How Social Science Tools Can Better Predict Election Results
Why we’re using ‘crowd wisdom’ and ‘truth serum’ to forecast the election.
Posted Nov 02, 2018
As a scientist, I would never claim to have a crystal ball for seeing the future. But when it comes to predicting elections, there are some non-traditional tools from the social sciences that can conjure a clearer forecast than traditional polls.
With less than a week before Election Day, my colleagues Wändi Bruine de Bruin, Henrik Olsson, Dražen Prelec, and I, are furiously analyzing polling data. In collaboration with the USC Center for Economic and Social Research’s Understanding America Study, we are investigating several novel methods to predict the United States House elections on November 6.
All of our prediction methods agree Democrats will win the popular vote, but the novel methods predict a smaller advantage for them than traditional questions do.
Traditionally, polls ask people who they are going to vote for. Predictions based on these “own- intention” questions can be biased if some people are systematically excluded from the polls, if people don’t want to admit who they’re going to vote for, or if they change their minds at the last moment.
Recently, we have tested another way of forecasting, by asking people who they think their friends will vote for. This knowledge, drawn from peoples’ understanding of their social circles, is uncontaminated by media reports and pundits’ opinions. Averaged across a national sample, these “social circle” answers gave good predictions of actual election results in the 2016 U.S. and 2017 French presidential elections .
Another method we are excited about is based on the so-called “Bayesian Truth Serum.”  Bayesian Truth Serum, or BTS, is a mathematical method that helps evaluate the truthfulness and accuracy of answers to questions that have no verifiable answer at the time of responding. Election intentions and predictions are the case in point. People’s answers about their own intentions and about their social circles can be more or less honest and accurate, but we cannot know by how much before the elections. BTS uses participants’ estimates about how other people would answer the same questions to calculate how much pollsters should rely on these participants’ answers.
We are also curious to know whether people can produce good estimates of how others will vote in their own state. Polls have asked people who they think will win , but not to predict what percentage of people would vote for different candidates.
So far, we have collected data from three 2018 survey waves, conducted between August 22-September 11, September 14-October 4, and October 15-October 29. In each wave, we interviewed more than 4,000 people across the country and asked them about their intentions and predictions for the 2018 U.S. House of Representatives elections.

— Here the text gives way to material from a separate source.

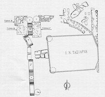 À Lesbos, dans la région agricole située entre les villages d’Aghia Paraskévi et Napi, A.-Chr. Loupou (14e éphorie des antiquités byzantines) a découvert en 2001 les vestiges de murs appartenant à une basilique protobyzantine (Ve-VIe s. apr. J.-C.). Au-dessus des ruines du sanctuaire de l’église, on a construit en 1959 une chapelle dédiée au Taxiarque (fig. 1).
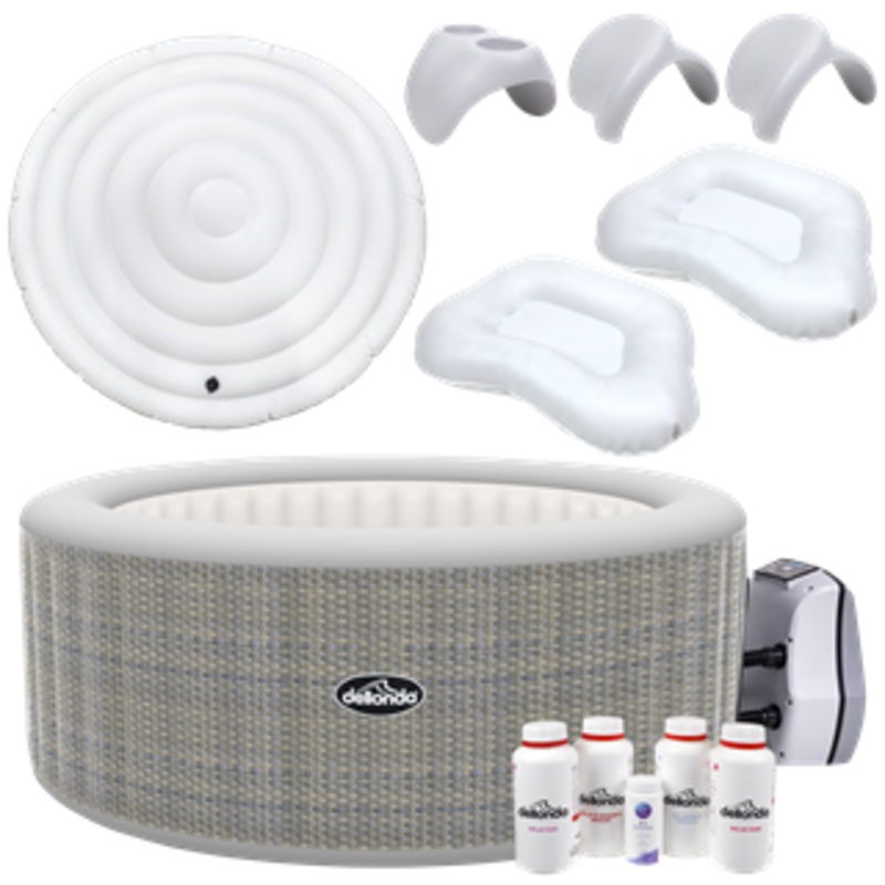 FULL STARTER KIT – Includes Inflatable Lid, Inflatable Cushion, 2 x Headrests, Drinks Holder, 1L Cartridge Cleaner, 500g Chlorine Granules, 500g pH Plus, 750g Dry Acid, 500ml Foam Down & Test Strips.

Our results? People’s reports about how their friends will vote suggest a much smaller difference between Democratic and Republican candidates than the “own-intention” questions from the same poll. When we apply the Bayesian Truth Serum to own-intention and social-circle estimates, the margin of victory for Democrats narrows further. And predictions based on peoples’ estimates for election results in their state show an even narrower margin.
Our methods also allow us to say something about election outcomes in different states, although our study was not designed to give state-level estimates. For example, we have only around 30 participants each in Oklahoma, Louisiana, and Arkansas, and they happen to predominantly vote Democrat. However, they still report that most of their friends will be voting Republican, which is in line with predictions of much larger surveys conducted in these states .
To put our novel survey in context, the BTS predictions based on social circles come very close to current predictions from the site FiveThirtyEight.com, which aggregates predictions of hundreds of different polls . In other words, our methods might be uncovering the same information, but with less effort.
One positive thing for Democrats is the increase over time in reported percentage of participants’ social circle that are likely to vote for a Democratic candidate. Based on our experiences from 2016 elections , this could be an indicator of a mounting support for Democrats. Whether this will be enough for a “blue wave” or merely a “blue splash” remains to be seen.
 These national predictions are obtained by averaging predictions for each state, weighted by state population size. Survey results are from the USC Center for Economic and Social Research’s Understanding America Study, with at least 4,200 participants in each wave. 538.com predictions are based on their ‘classic’ predictions of vote shares in each district.
 Galesic, M., Bruine de Bruin, W., Dumas, M., Kapteyn, A., Darling, J. E., & Meijer, E. (2018). Asking about social circles improves election predictions. Nature Human Behaviour, 2, 187–193.
 Prelec, D. (2004). A Bayesian truth serum for subjective data. Science, 306, 462–466.
 Graefe, A. (2014). Accuracy of vote expectation surveys in forecasting elections. Public Opinion Quarterly, 78, 204–232.